I also have that oil


----------



## Esmeralda (Feb 13, 2014)

This one may be 'unusual.'  It is the smell of diesel fumes.  Yep.  The first time I spent time in Europe, a lot of cars were diesel and the air in big cities smelled of diesel.  I so loved traveling, I developed my career so I could live in Europe and/or travel throughout Europe, and have been doing so for 10+ years now.  Whenever I smell diesel fumes, I think of my travels and am happy.  I even bought a diesel engine car when I lived in the States!

Another one is the smell of roses. When I was a kid, my parents always spent Memorial Day going to the cemeteries and mausoleums of departed family members.  My mother had a small rose garden at home, and always took a lot of roses to put in the mausoleum vases or at the graves.  Those days were actually nice for me. The weather was nice and I played in the graveyards with my siblings while my parents tidied the graves. The mausoleums were interesting, awe inspiring places for me.  And always accompanying that was the smell of roses. So roses always remind me of those days, which were, oddly, happy days.  Quiet, pleasant days with my parents and siblings.


----------



## Politico (Feb 13, 2014)

Napalm.


----------



## Geaux4it (Feb 13, 2014)

fresh cut spring grass and a leather baseball glove

-Geaux


----------



## Connery (Feb 13, 2014)

Esmeralda said:


> This one may be 'unusual.'  It is the smell of diesel fumes.  Yep.  The first time I spent time in Europe, a lot of cars were diesel and the air in big cities smelled of diesel.  I so loved traveling, I developed my career so I could live in Europe and/or travel throughout Europe, and have been doing so for 10+ years now.  *Whenever I smell diesel fumes, I think of my travels and am happy.  *I even bought a diesel engine car when I lived in the States!
> 
> Another one is the smell of roses. When I was a kid, my parents always spent Memorial Day going to the cemeteries and mausoleums of departed family members.  My mother had a small rose garden at home, and always took a lot of roses to put in the mausoleum vases or at the graves.  Those days were actually nice for me. The weather was nice and I played in the graveyards with my siblings while my parents tidied the graves. The mausoleums were interesting, awe inspiring places for me.  And always accompanying that was the smell of roses. So roses always remind me of those days, which were, oddly, happy days.  Quiet, pleasant days with my parents and siblings.
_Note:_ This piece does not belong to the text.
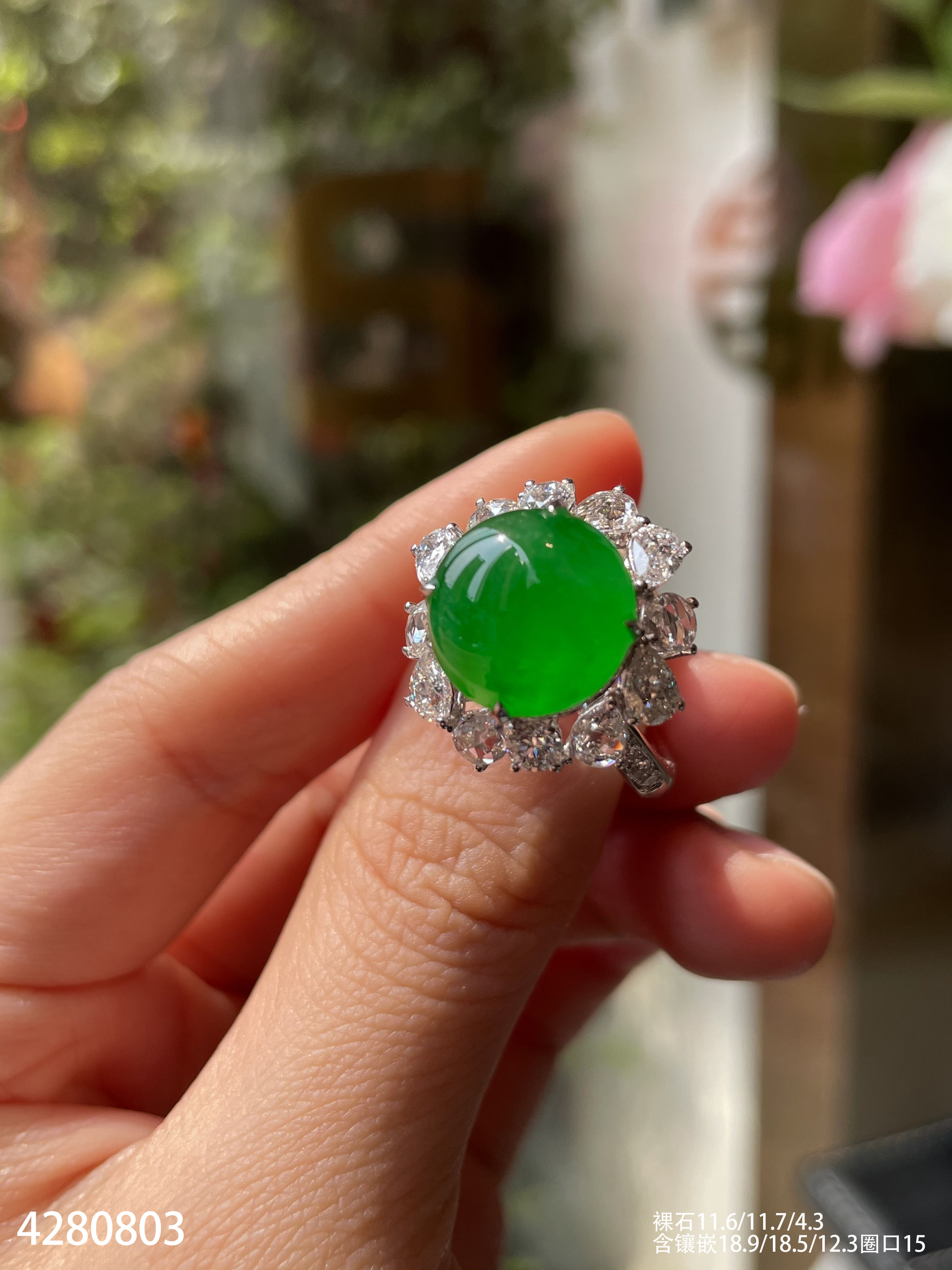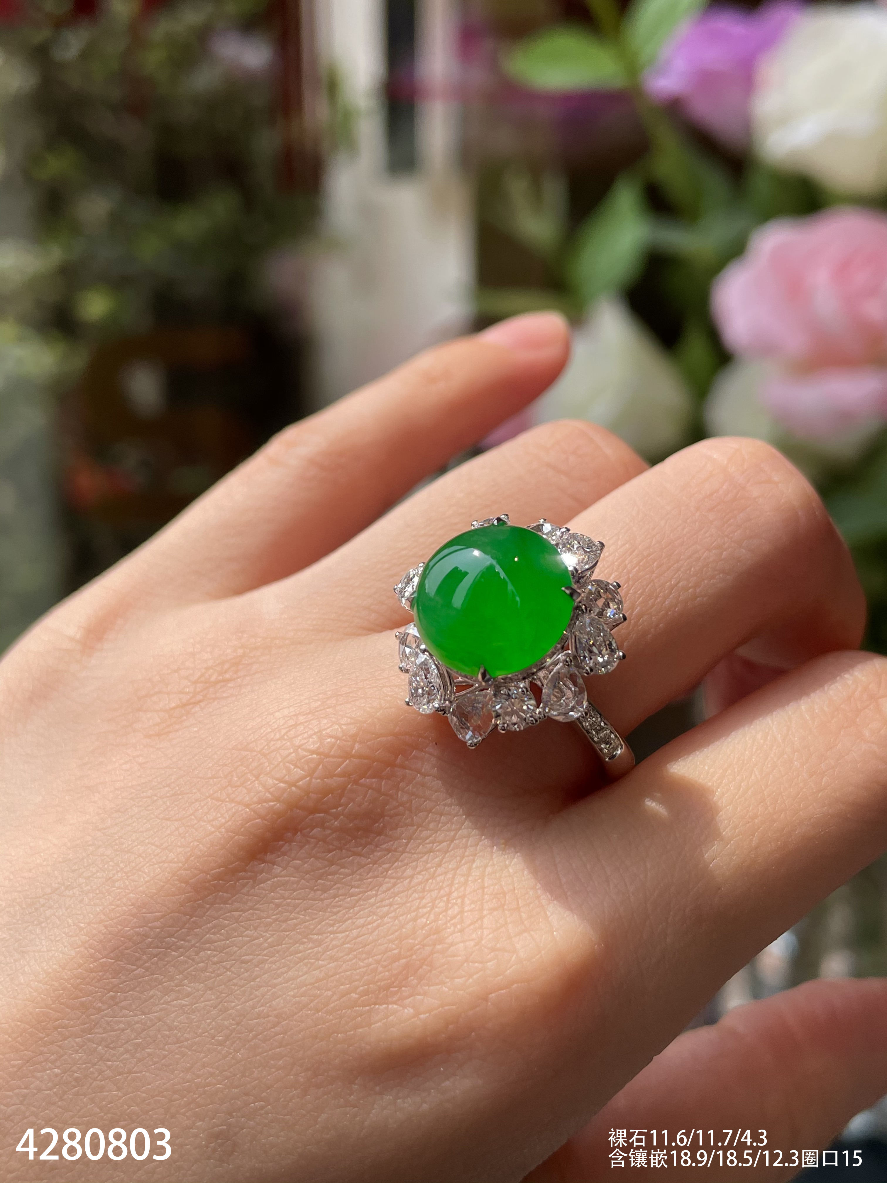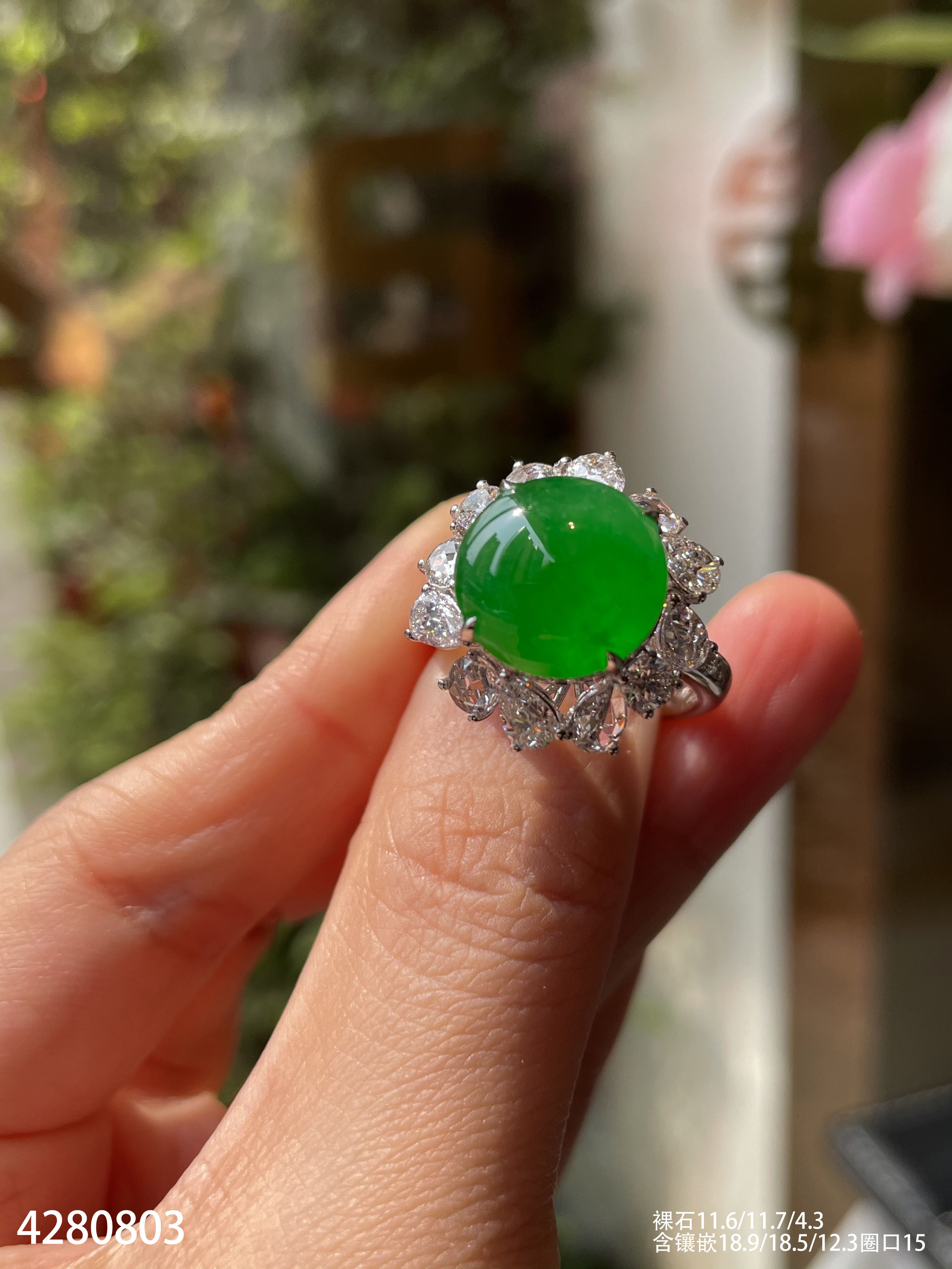 玻璃种蛋面戒指【6300503】具体价格微信咨询

Not unusual at all. There are certain smells that bring me back to Australia and others that take me to other places where I had lived at one point of another. It is a nice few moments to think about times gone by and an excitement at my next trip or place to live.


----------



## HereWeGoAgain (Feb 13, 2014)

Politico said:


> Napalm.




   It smells like......Victory. And it's especially nice in the morning.


----------



## longknife (Feb 13, 2014)

I'd add an alfalfa field in bloom.

Laying on the ground in the bright spring sun, chewing on a sprig. Then, getting on the tractor to mow it - saving the smell of fresh-mown hay.


----------